Achieving Long-Term Value Through ESG PracticesBy Lorenzo Núñez | Fri, 08/06/2021 - 11:10
Q: In regard to judicial certainty, what should be done to provide investors with peace of mind?
A: While there are a number of factors that contribute to investors’ piece of mind, the most important factor today is certainty. For the past three years, ESG goals have been incorporated into the plans of many companies and they are using these to create long-term value, which I believe is the new trend in regard to the mining business. What stakeholders are looking for is a long-term mining operation that applies ESG practices, with the certainty that the legal framework they operate under today will be the same tomorrow. This can allow companies to take more chances with their investment, thereby creating long-term value for investors.
Q: What are mining industry’s main judicial challenges and how is PwC supporting its clients in this regard?
A: One of the main challenges that companies face today relates to SAT’s fiscal policies. The government agency recently released its list of official tax industry percentages, which includes mining. This tool allows companies to look at their effective rate and compare it against the list to determine if they are clear.
We help clients by creating a preventive strategy. In addition, we advise companies on their data management. The entire tax landscape has become more complex because companies are managing an increasing amount of information. In addition, new outsourcing restrictions are a major setback for the industry, which employs many foreign contractors. Our consulting focuses on creating solid data management technologies for our clients that enables them to develop preventive strategies, with the goal of creating a sense of stronger business certainty.
We also help our clients with the operating costs of metal prices. We always look at different ways to help reduce costs while simultaneously improving a mine’s performance. The volatility of metal prices is exclusive to the mining industry, so we place much of our focus on our client’s performance.

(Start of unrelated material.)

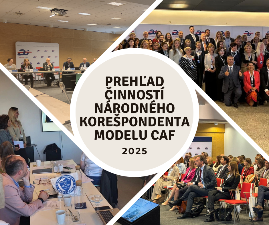 Prehľad činností národného korešpondenta modelu CAF za rok 2025 Dátum 16.12.2025 Autor ÚNMS SR Model CAF je európsky nástroj zlepšovania organizácií verejnej správy. Národní korešpondenti modelu CAF zabezpečujú spoluprácu medzi krajinami, zdieľanie skúseností a podporujú jeho ďalší rozvoj. Prinášame stručný prehľad najdôležitejších aktivít v roku 2025. Kľúčové stretnutia národných korešpondentov V roku 2025 sa uskutočnili dve pracovné stretnutia národných korešpondentov modelu CAF, ktoré sa konali v krajinách predsedajúcich Rade Európskej únie podľa rotačného princípu: 11. apríla 2025 – Varšava (poľské predsedníctvo), 1. októbra 2025 – Kodaň (dánske predsedníctvo, hybridne). Diskusie sa zamerali najmä na budúcnosť modelu CAF, výzvy implementácie modelu CAF (nedostatok kapacít a zdrojov), ako aj na potrebu zjednodušovania a podporu digitalizácie. 10. európske stretnutie používateľov modelu CAF Dňa 10. apríla 2025 sa vo Varšave konalo jubilejné 10. európske stretnutie používateľov modelu CAF s účasťou viac ako 130 zástupcov verejnej správy. Hlavným bodom programu boli prezentácie „Golden 18“ – vybraných príkladov dobrej praxe z 13 európskych krajín. Slovenská delegácia (ÚNMS SR a mesto Nitra) sa aktívne zapojila do odborných diskusií. CAF Education 2024 Dňa 15. januára 2025 bola na webovom sídle EIPA publikovaná nová verzia príručky CAF Education 2024, určenej pre vzdelávacie inštitúcie. Príručka je dostupná aj v slovenskom preklade na webovom sídle ÚNMS SR. V nadväznosti na jej publikovanie ÚNMS SR ako národný korešpondent modelu CAF podporil jej implementáciu prostredníctvom online seminára „Predstavenie CAF Education – Model CAF pre vzdelávacie inštitúcie“, ktorý sa uskutočnil 18. februára 2025 CAF Excellence Recognition (CER) V roku 2025 bol spustený revidovaný proces externej spätnej väzby CAF Excellence Recognition (CER). Dňa 15. júna 2025 bola príručka CER publikovaná na webovej stránke Európskeho inštitútu pre verejnú správu (EIPA), čím sa začalo prechodné obdobie v trvaní 1,5 roka. Počas tohto obdobia je možné uplatňovať nový proces CER aj pôvodný proces hodnotenia Externej spätnej väzby modelu CAF. Revízia modelu CAF a CAF Update Survey Proces revízie modelu CAF 2020 bol iniciovaný Európskym inštitútom pre verejnú správu (EIPA) v priebehu roka 2025 s cieľom pripraviť jeho aktualizovanú verziu (pracovne označovanú ako CAF 2026). Súčasťou tohto procesu bol online dotazníkový prieskum CAF Update Survey, ktorý sa realizoval v septembri 2025. Do účasti na prieskume boli vyzvaní aj slovenskí používatelia modelu CAF. Výhľad na rok 2026 Na základe realizácie CAF Update Survey je na 20. januára 2026 naplánované online koordinačné stretnutie národných korešpondentov modelu CAF, ktorého cieľom bude diskusia o ďalšom postupe a nasledujúcich krokoch smerujúcich k revízii modelu CAF. Späť
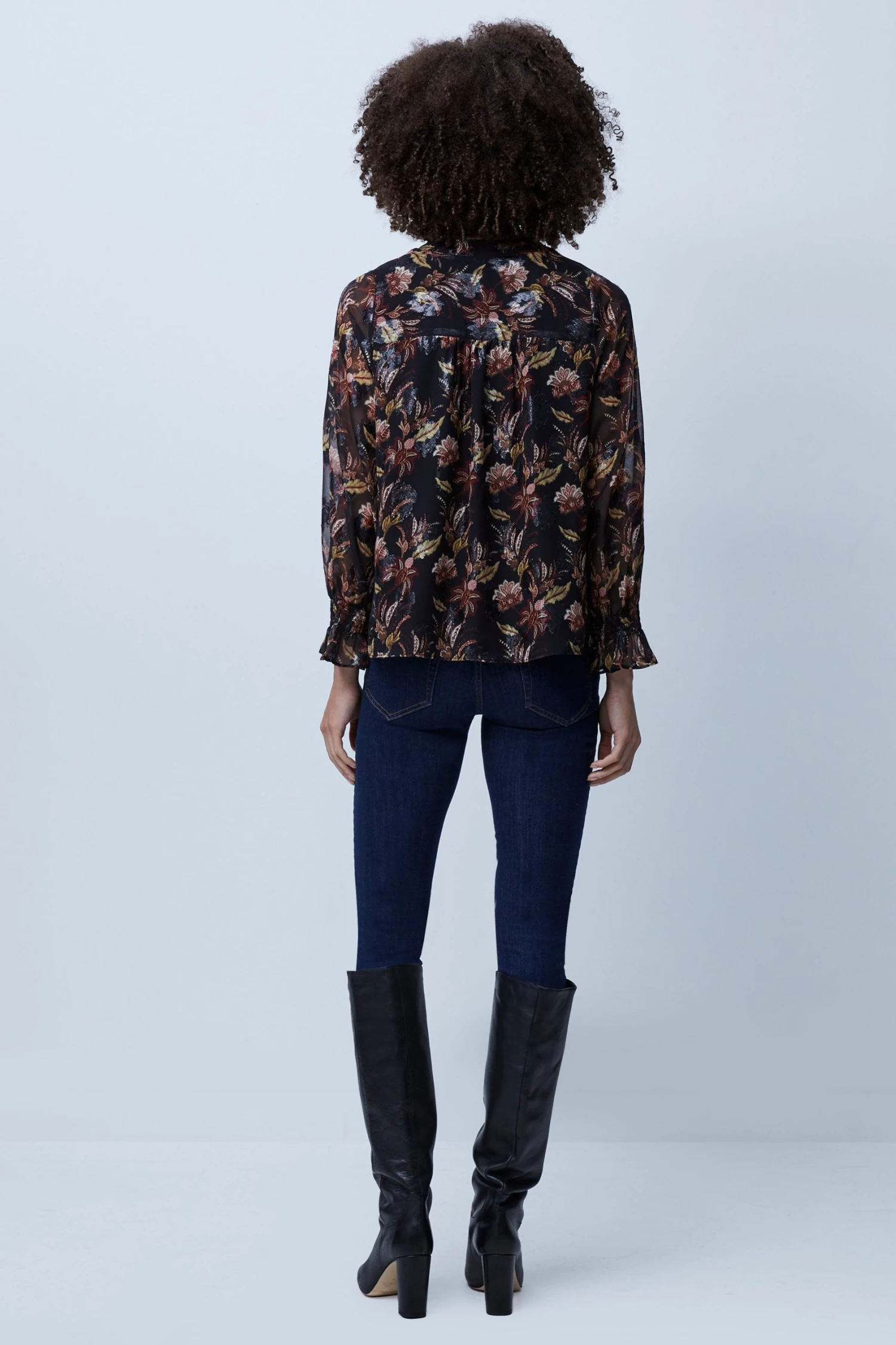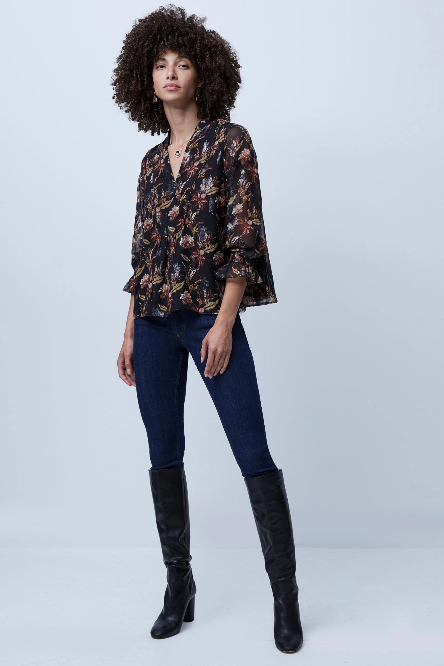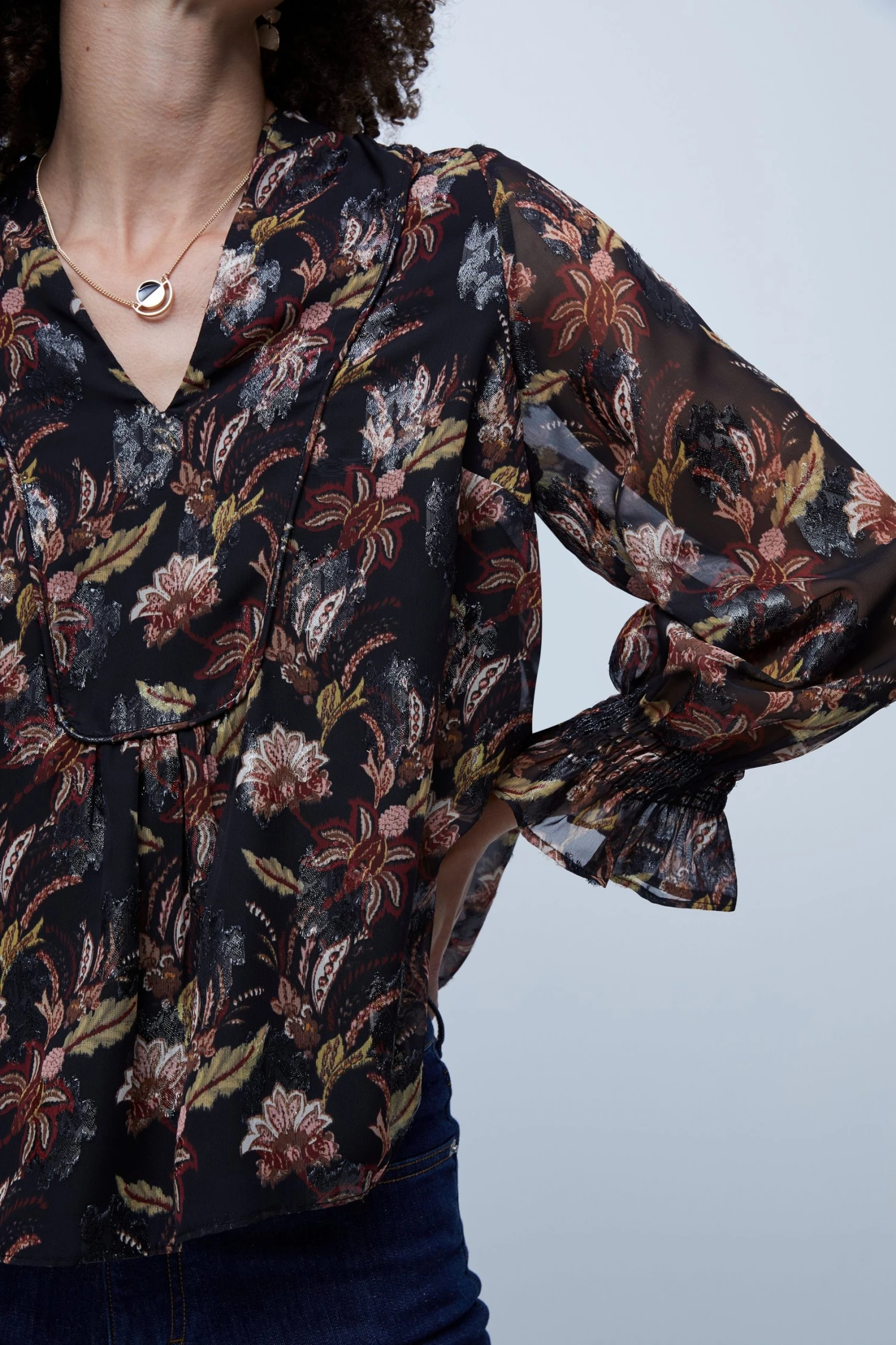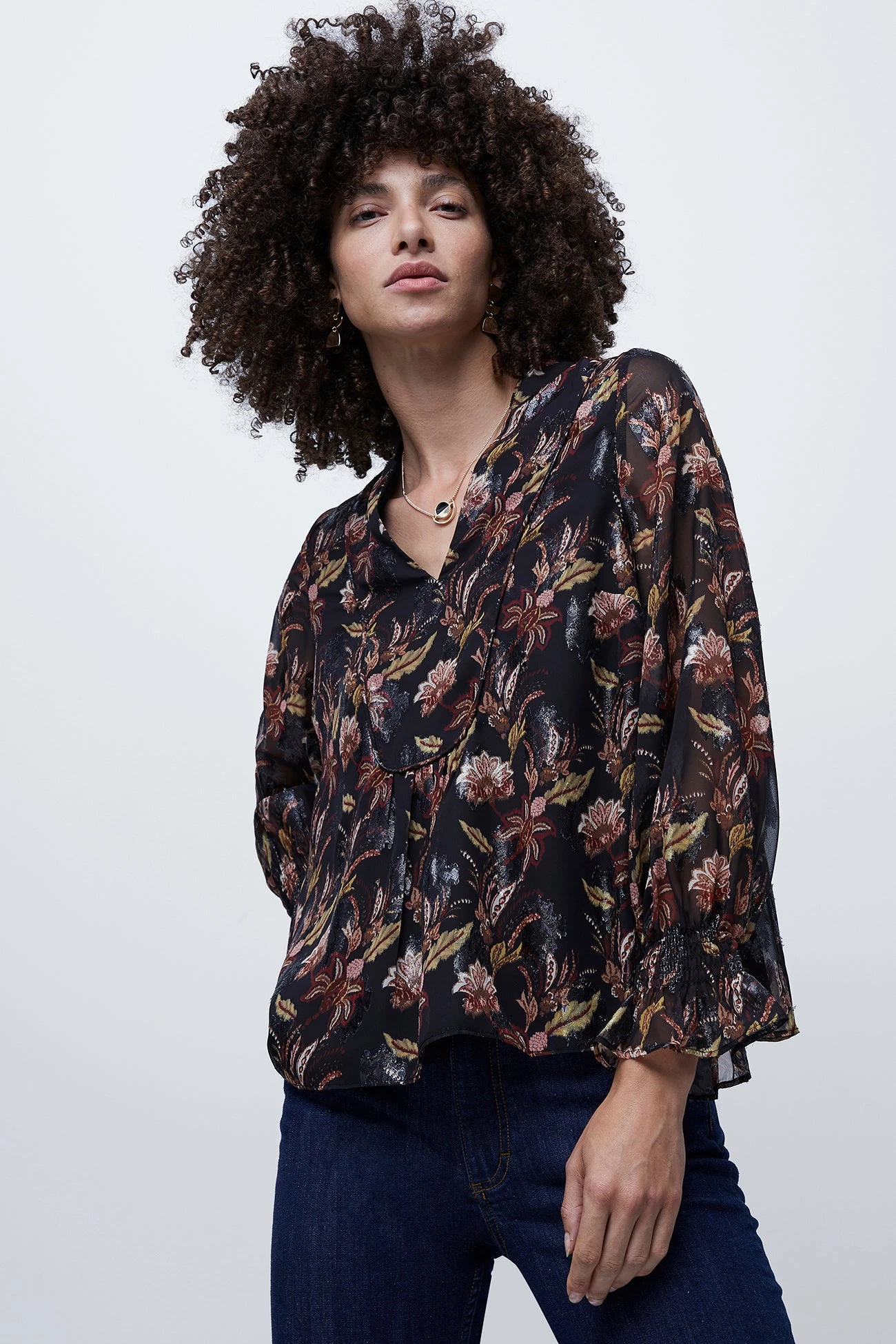 Add elegant embroidery and winter-ready rich jewel tones to your wardrobe with the Desta Fil De Coupe Smock Top. Created with a flattering v neckline, long sleeves and a relaxed, draped fit, the blouse instantly steps up your smart-casual aesthetic. Compliment the wintry florals and elegant detailing with simple separates and leather accessories for a refined ensemble.

We also help mining companies improve their ESG goals, as well as advising them on the ideal way to communicate their practices. Mining has always considered safety an essential element in its practices, especially for staff but also for the community. Therefore, we are helping mining companies include ESG goals in all of their safety planning by helping them improve their practices. We want companies to understand that having a good ESG performance can translate into increased investment and better returns for their investors.
Q: How does PwC help mining companies with their ESG reporting and compliance?
A: One of the advantages that we have at PwC is that we are a global company. In regard to ESG, we look at other countries and analyze how their mining sectors are operating. We take that information and present it to our clients as a reference for improving their ESG performances. Sometimes companies need to see another company’s practices to understand their true value and to properly incorporate them.
Q: How does Mexico compare to Chile and Peru? What can the country learn from those jurisdictions?
A: Mexico’s GDP is a lot more diversified than that of Chile and Peru. For the South American countries, mining is a fundamental part of their economy, while it is not in Mexico. However, what we can learn from those countries is how their governments and industries collaborate with each other. These countries have encouraged mining operations to grow with incentives that Mexico has forgotten or ignored. Mining companies need to invest a hefty amount, which will not yield any returns until much later in the mine’s life cycle. Chile and Peru have allowed mining companies to deduct their taxes during the exploration phase, since they know that mining companies will take time to break even. We no longer do that in Mexico; therefore, we need to understand mining as a whole, as well as mining companies, and as a result we can attract more investment. At the end of the day, what the government needs is more money for its projects. But to get more money, the government needs to attract more money. I believe that the current administration has set its priorities on a very short list of items, while many other industries struggle with the same amount of uncertainty.
Q: What does the future of mining look like in PwC’s eyes?
A: The future of mining is about creating long-term value that revolves around ESG goals. ESG has been part of the discussion long before the pandemic but the pandemic itself served as a catalyst for ESG practices. Companies need to understand that this is the future of mining and a key component in creating value will be through a good ESG performance.
PwC works with many of the largest operators in the mining market to help them overcome regulatory challenges and guide them through legislative hurdles.